Member of the Virginia House of Delegates
- In office January 8, 2020 – January 14, 2026
- Preceded by: Brenda Pogge
- Succeeded by: Jessica Anderson
- Constituency: 96th district (2020–2024) 71st district (2024–2026)

Personal details
- Born: 1979 (age 46–47) Washington, D.C.
- Party: Republican
- Spouse: Richard Batten
- Children: 1
- Education: Frederick Community College Ashford University
- Profession: Legislative aide
- Committees: Education; Public Safety
- Website: amandabatten.com

= Amanda Batten =

American politician (born 1979)

Amanda E. Batten (born 1979) is an American politician. A member of the Republican Party, she was elected to the Virginia House of Delegates in 2019 and was re-elected twice. In 2025, Batten ran for a fourth term, but lost to Democrat Jessica Anderson.

==Political career==

Batten spent about ten years working as a legislative aide in the Virginia General Assembly. She worked for Senator Tommy Norment and Delegate Brenda Pogge. She was also employed as a fundraising manager for the Medical Society of Virginia.

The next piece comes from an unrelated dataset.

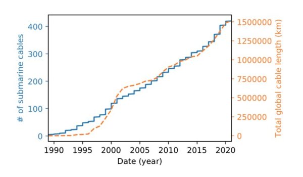 Telecommunications providers have used undersea cables (also known as submarine or subsea cables) for long-distance communications for more than 170 years. The English Channel Submarine Telegraph Company laid the first undersea cable in 1850 between England and France, to enable international communications over telegraph. The first successful transatlantic telegraph message carried by undersea cable was transmitted in 1858, the first transatlantic telephone cable entered operation in 1956, and the first transatlantic fiber-optic cable was laid in 1988 and called the TAT-8, that had the capacity to carry 40,000 telephone connections simultaneously, four times the capacity of previous cables. Today, more than 600 cables span 1.5 million kilometers globally enough to circle the Earth more than 35 times and connect to more than 1,700 landing stations (i.e., the point where the undersea cable makes landfall). The ocean’s fibre optic network links major data hubs like New York, London, Tokyo, and Sydney, while also increasingly reaching into developing regions to help bridge the global digital divide. The cables connect every continent except Antarctica, and serve as the backbone for the global internet. Industry experts estimate that the undersea telecommunication cable network carries about 95% of intercontinental global internet traffic, and 99% of transoceanic digital communications (e.g., voice, video and data) including trillions in international financial transactions daily.

In March 2019, Pogge announced her retirement from the House of Delegates, and endorsed Batten as her replacement. Batten defeated former delegate Melanie Rapp Beale in the June primary by a 62-38 margin. Batten's top campaign issues were workforce development and ending a regional sales tax on Virginia's Historic Triangle. In the November general election, Batten defeated pediatrician Mark Downey by a 52-46 margin.

In their 2021 rematch, Batten again defeated Downey, this time with a 55.8-44 margin.

At the beginning of the 2022 Virginia General Assembly session, she was elected House Majority Caucus Chair.